Knockdown of ARHGAP18 enhances basal RhoA activation. (A) Strain significantly (p<0.05, n=3) increased RhoA activation (RhoA-GTP) following strain. Knockdown of ARHGAP18 resulted in increased basal activation of RhoA (p<0.05, n=3). RhoA activation was also significantly increased in the absence of ARHGAP18 following strain (p<0.05, n=3). (B–E) mdMSCs were stained with Alexa488-conjugated phalloidin and dapi following strain (2%, 100 cycles) (C, E) or under static conditions (B, D). Images were captured using a 20x 0.95 plan apo lens. Cells contained either a control shRNA vector (B, C) or an shRNA sequence targeting ARHGAP18 (D, E). (F) Quantification of stress fibers confirmed that strain significantly (p<0.05) increased the number of stress fibers under control conditions. The number of stress fibers was significantly (p<0.001) increased in cell deplete of ARHGAP18 compared to non-strained, ARHGAP18 replete cells. In ARHGAP18 knockdown cells, the number of stress fibers remained approximately equivalent to non-strained, ARHGAP18 knockdown cells, with no significant changes. For actin quantification, at least 15 cells per condition total were analyzed across 3 independent experiments.
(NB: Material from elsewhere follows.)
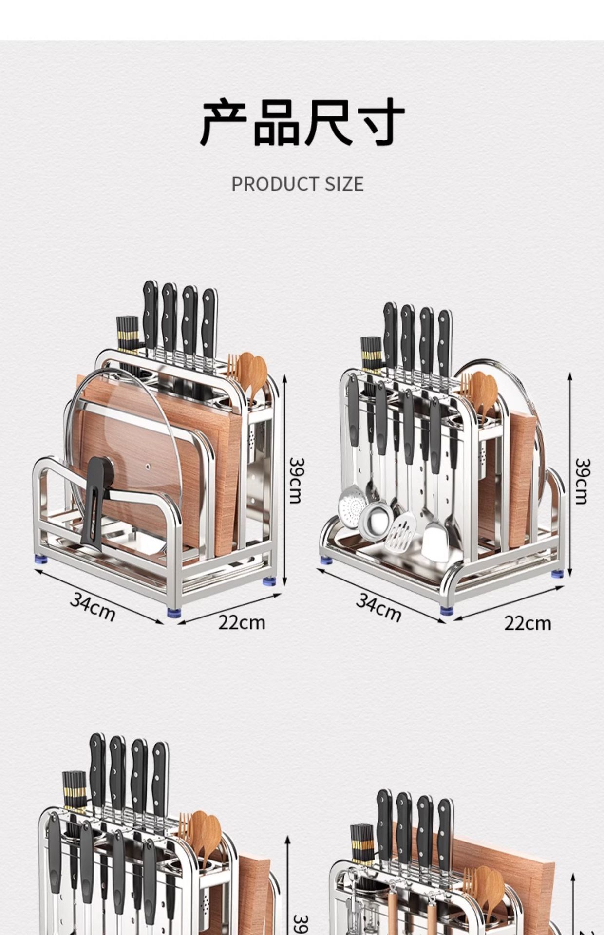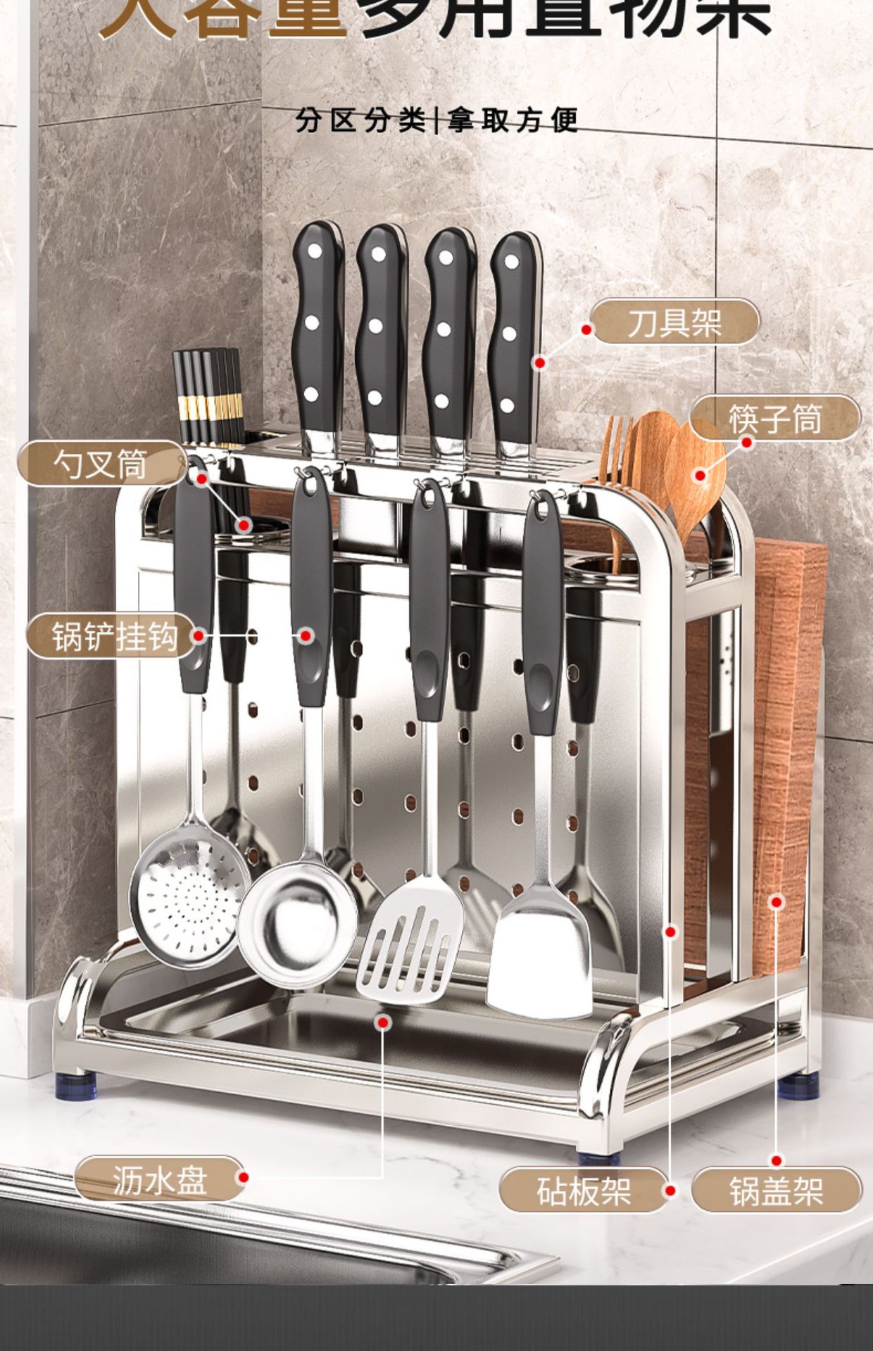 • 304 스테인리스 스틸·높이 [이중젓가락통+도마걸이+냄비뚜껑걸이] 후크 6개 포함.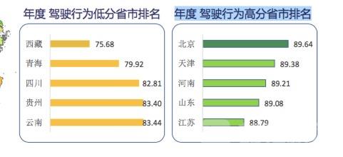 全国驾驶评分中,华北地区、东北地区、新疆地区驾驶评分较高,而华东、华南、中西部地区驾驶评分相对较低。从分布上看平原区域的驾驶评分高于山地区域。年度驾驶行为排名中,江苏在“文明”榜上排名第五。

Knockdown of ARHGAP18 restricts entry into the adipocyte lineage
Both matrix stiffness[35] and cellular tension[21] direct MSC fate away from the adipogenic lineage. We hypothesized that enhanced cytoskeletal structure due to the absence of ARHGAP18 would restrict MSC adipogenesis. As expected, control MSCs formed abundant lipid droplets and expressed adipogenic markers (aP2, PPARγ, APN, and perilipin) when cultured for 3 days in adipogenic media (Fig. 4A). In contrast, shRNA knockdown of ARHGAP18 suppressed adipogenesis, significantly reducing expression of adipogenic markers aP2 (1,138.09-fold, p<0.05), PPARγ (10.57-fold, p<0.01), APN (193.74-fold, p<0.01), and perilipin (79.63-fold, p<0.05) compared to control cells in response to adipogenic media (Fig. 4B). Further, ARHGAP18 depleted MSCs had reduced oil-red-O staining (Fig. 4C–D). To determine if inhibition of adipogenesis was due to the effects of ARHGAP18 on RhoA, MSCs were treated with an inhibitor to block the downstream effects of RhoA activation. Addition of the Rho-associated, coiled-coil containing protein kinase 1 (ROCK) inhibitor Y27632[36] partially rescued expression of APN following ARHGAP18 knockdown (Fig. 4E).
Figure 4.
Knockdown of ARHGAP18 suppresses mdMSC adipogenesis. (A) Western blots probing for adipogenic markers aP2, PPARγ, APN, and perilipin following knockdown of ARHGAP18. (B) Densitometry of radiograph bands from Western blots shows significantly decreased expression of aP2 (p<0.05, n=5), PPARγ (p<0.01, n=3), APN (p<0.01, n=5), and perilipin (p<0.05, n=3). (C, D) mdMSC cells stained with oil-red-O, with control shRNA or knockdown of ARHGAP18. (E) Western blot of APN following ARHGAP18 depletion and addition of ROCK inhibitor (Y27632, 10 μM).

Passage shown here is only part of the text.